The Curve coin also plays into a “governance” system that allows holders to vote on changes to the protocol.
Governance
Holders of CRV can choose to “lock up” their holdings and in turn generate a new token, “veCRV,” which vests holders with the ability to either vote or — with enough veCRV — to submit their own proposals for consideration. Last year the CRV became the native token of a new decentralized autonomous organization, or DAO, which is a kind of blockchain-based decentralized governance entity that runs on smart contracts.
Curve, the company
The development of Curve Finance is a bit of a mystery. There is a single known contributor, a man named Michael Egorov, a PhD and a graduate of the Moscow Institute of Physics and Technology. Egorov, who released the software in 2020, has also been embroiled in minor controversy, after he assumed 71 percent of Curve’s voting power late last year in response to a single liquidity pool run amassing over 50 percent of the voting power. That controversy, along with suspicions about the protocol’s awkward initial rollout, spawned a hard fork of Curve, called “Swerve,” which sought to return the protocol to its users.
Despite all this, the smart contract for Curve is well-regarded and efficient, and has been audited by Trail of Bits, a leading auditor. “However,” Curve adds in a proviso, “security audits don’t eliminate risks completely. Please don’t supply your life savings, or assets you can’t afford to lose, to Curve, especially as a liquidity provider.”

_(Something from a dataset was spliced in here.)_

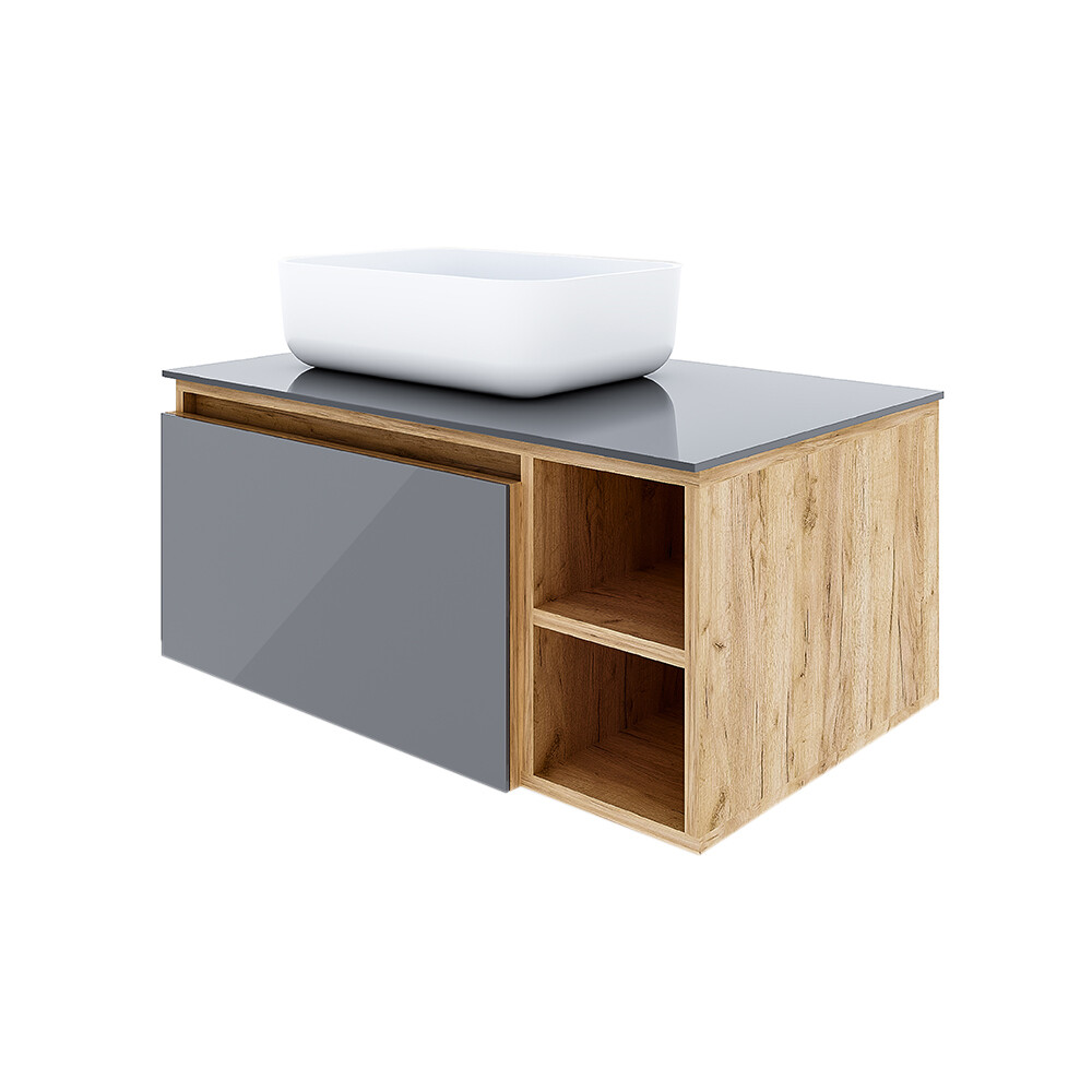 — Фасад и столешница тумбы выполнены из безопасного закалённого стекла молочного цвета, корпус — влагостойкий ЛДСП цвета дуб крафт золотой.

Indeed, recently a vulnerability was discovered by Egorov himself, who described in a blog post how, briefly, it would have been possible for a trader to essentially drain an asset from the pool, effectively robbing it, by trading it with the same asset. Egorov said that the bug alone couldn’t be flagged up or fixed without drawing the attention of malicious hackers so instead patched it in an all-encompassing update.
By DeFi standards, Curve is used widely and is the sixth largest DeFi product by users. According to Defi Pulse there is $4.34 billion worth of cryptocurrency currently “locked” on Curve, 0.24 percent of which has been turned into voting power. The stablecoin most heavily bought is $USDC, the stablecoin built by Circle.